Q: How do students arrive at an equilibrium price?

A mixture of frustration and impatience will move your students' markets towards the equilibrium price. It is not uncommon to see some initial price dispersion. This may well lead to hopeful students giving extreme offers: high bids and low asks. As these offers go unmet, impatient students will begin to moderate their offers. Of course, students will be quicker to revise their offers if they notice recent transaction prices, so you should DEFINITELY make sure that your students know where to find this information!


Q: If there were more oranges per round, would the price have more of a chance to arrive at an equilibrium price?

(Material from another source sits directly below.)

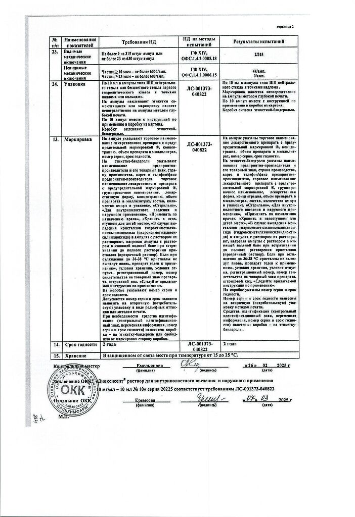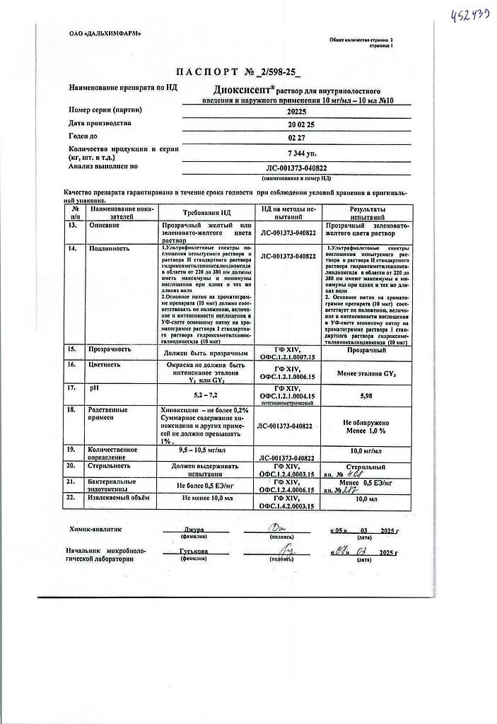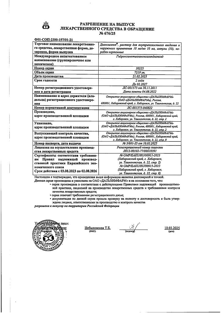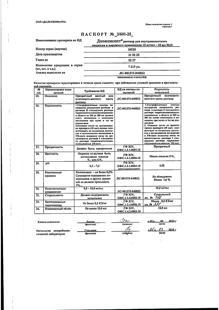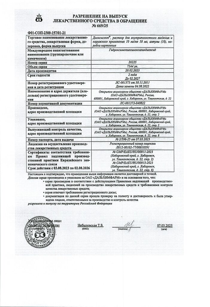 Документы Диоксисепт раствор для в/полост введ и наруж прим 1 % 10 мл 10 шт

In short, yes. In our default parameters, each game buyers demand three units, with decreasing marginal valuation, and sellers can provide up to three units at an increasing marginal cost. More oranges per round would increase convergence. As a general rule of practice, we do our best to make our default parameters long enough to convey the concept, but brief enough to leave room for discussion and lecture. We find that after the transaction of three oranges many groups will see prices nearing the equilibrium prediction. Convergence improves with repetition. You can replay the game with students in the same role with the same buyer and seller values by changing the number of periods in the Repetition panel.  

Q: What should I set the group size to? Should I increase the group size so students have more bids and asks to choose from?

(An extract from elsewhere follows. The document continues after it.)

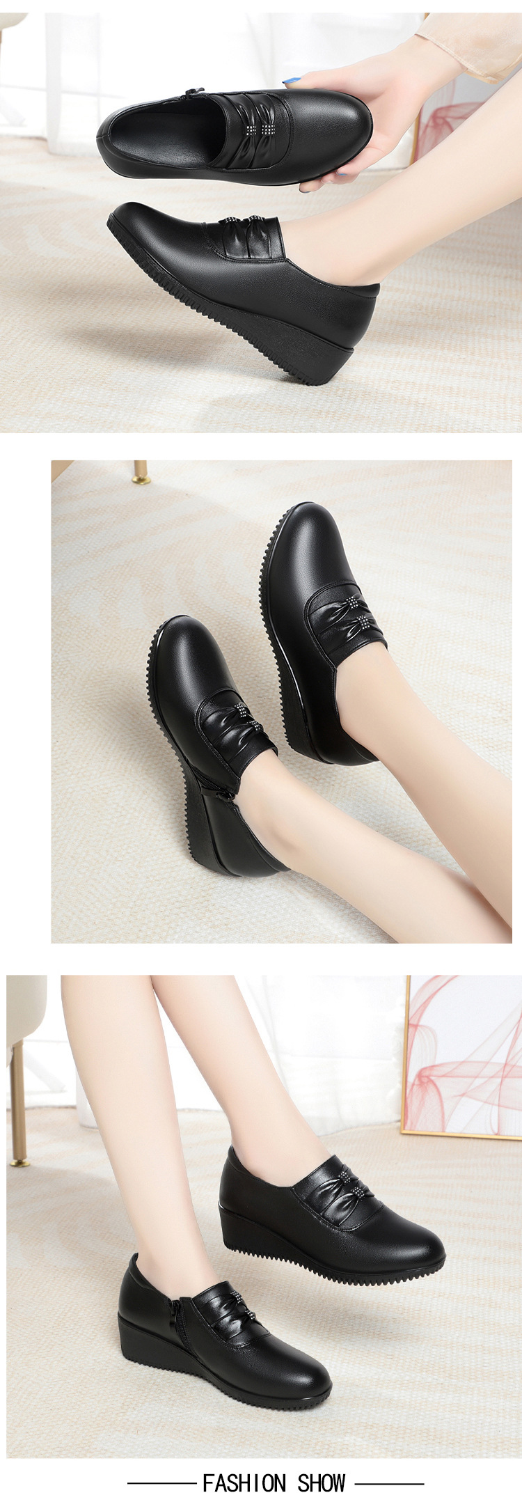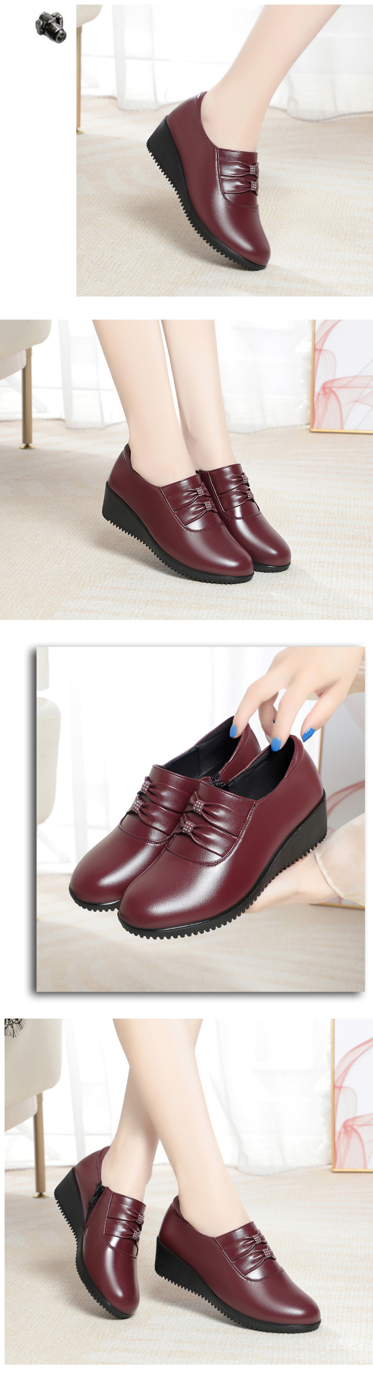 봄과 가을 가죽 신발 부드러운 가죽 중년 어머니 웨지 슈즈 싱글 슈즈 여성용 부드러운 단독 미끄럼 방지 미드 힐 편안한 중년 및 노인 여성 신발스토어 가기

We find that 10 players per group (5 sellers, 5 buyers) keeps the game moving at a comfortable pace for students and generates strong data results. No matter the group size, students will only be shown the three highest bids and the three lowest asks in the table. However, with more players in the game, whether human or robot, bids and asks will change more frequently and the graph will be more populated with transactions. I would advise against group sizes over 20 since beyond that point the game will be moving at a pace that might be hard for students to keep up with.  

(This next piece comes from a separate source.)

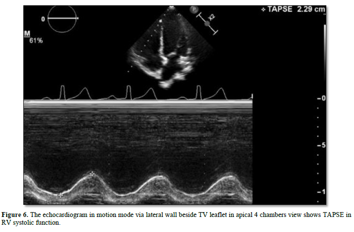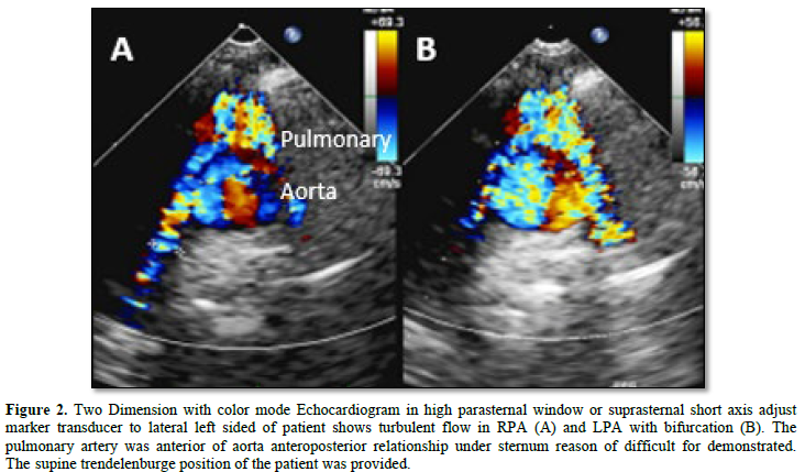 The modified parasternal long axis view with anterior angulated transducer was the use of the demonstrated pulmonic valve and infundibular part. The overriding aorta may be considering outflow tract obstruction leading of increase pulmonary pressure and right-side cardiac pressure able to push blood from the right ventricle insufficient to right atrium chamber (Figure 4). Tricuspid regurgitation pressure gradient (Normal TRPG < 35 mm Hg) [17] and pulmonary end diastolic pressure (PREDP), It’s able to estimate right atrium pressure (RAP) about 5-10 mm Hg if inferior vene cava size < 2.1 cm. And collapsing signs >50%. [18] The formula for calculating RVSP = TRPG + RAP (mmHg.) (RVSP; right ventricular systolic pressure, RAP; Right atrial pressure). The RVSP will equal systolic PAP when without pulmonary valve stenosis. But the PS or PPS evidence must be reported and the calculation method may be using another formula.

Q: How do the robots play?

Robot Buyer: If there are asks and the best ask is less than 90% of the robot’s current value, then the robot will buy at the lowest ask. If there are no asks, the robot will make a bid with a price at 90% of its current value. Robot Seller: If there are bids and the best bid asks for 110% of the robot’s current value, then the robot will sell at the highest bid. If there are no bids, then the seller will ask for 110% of its current value.  

Q: Can I monitor the market and see the transactions that are occurring from my instructor account?

We envisioned the role of the instructor to be able to press run game in the console, see that all the groups have begun, and then step away from your computer and move throughout to classroom to answer any questions students may have while playing. However, we do understand that some educators like to become a student in their classroom during game play—thus we have 6 test accounts, where you can log in and play with your students. The choice is entirely up to you!